As a center due to his tremendous size, Dampier plays arguably the most important position on the court; the center stands close to the basket (often called ‘playing the post’), and is expected to receive passes and score on high percentage lay-ups and dunks. A skilled center should also be a dominant rebounder and shot blocker. Due to the combination of size and skill required to excel as an NBA center, there are at any time only a very few number of stars at the position in the league. The impact of a stellar center on his team is incredible, as shown in the championships and accolades attained by such players as Wilt Chamberlain, Bill Russell, Kareem Abdul-Jabbar, Patrick Ewing, and Shaquille O’Neal. Throughout his career, Dampier has never been one of the five or so best in the league, but he has always been close, just good enough to put in a good performance against a lowly sub-par team but never at the level of the big boys. It has made for a frustrating career.

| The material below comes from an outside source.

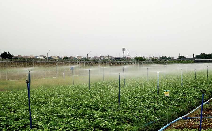 9月17日,记者来到石碁镇前锋村的禺锋蔬菜种植农民专业合作社蔬菜基地,眼前稻田里禾苗长势茂盛。前不久,这块地是种植夏季豆瓜菜的,采收完毕后,试种了15亩的丝苗稻。除了这块稻田,其余的地块都种植蔬菜,有番薯藤、绿线叶、菜心、紫贝菜、生菜,有的可以上市了,有的刚长出幼苗,还有的地块等待播种。菜地里安装了自动喷灌设备,工作人员按下开关,菜地里就喷出了水雾。在蔬菜基地的工作棚,大家将不同地块采摘的蔬菜送来过秤,过秤之后再运往清河综合市场的配送中心,销往供应区内农贸市场、平价商店、酒店等。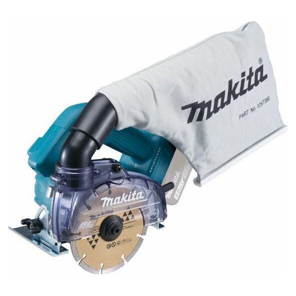 Akumulatorowa przecinarka DCC500 z tarczą diamentową zbudowana w oparciu o sieciowy model 4100KB z osłoną przeciwpyłową, która minimalizuje rozpraszanie się pyłu.

While the center is the largest and most imposing player on his team, in practice this can mean that he is also the slowest and most immobile. A poor center, for all his size, can be little better than a target for smaller, more talented players to dunk over. As the primary shot blocker, the center is also the team’s quickest accumulator of fouls, nipping the arms of driving guards and often having to sit for long stretches to avoid fouling out. Small, flashy guards are fan favorites; centers are often noticed more for their shortcomings[ii] (bobbled rebounds, foul trouble) than their contributions (boxing out, screens), and can, with their huge size, become scapegoats and targets of a frustrated fan base. While these points are true of even the best at the position, Dampier has been accused of them and defined by them his entire career.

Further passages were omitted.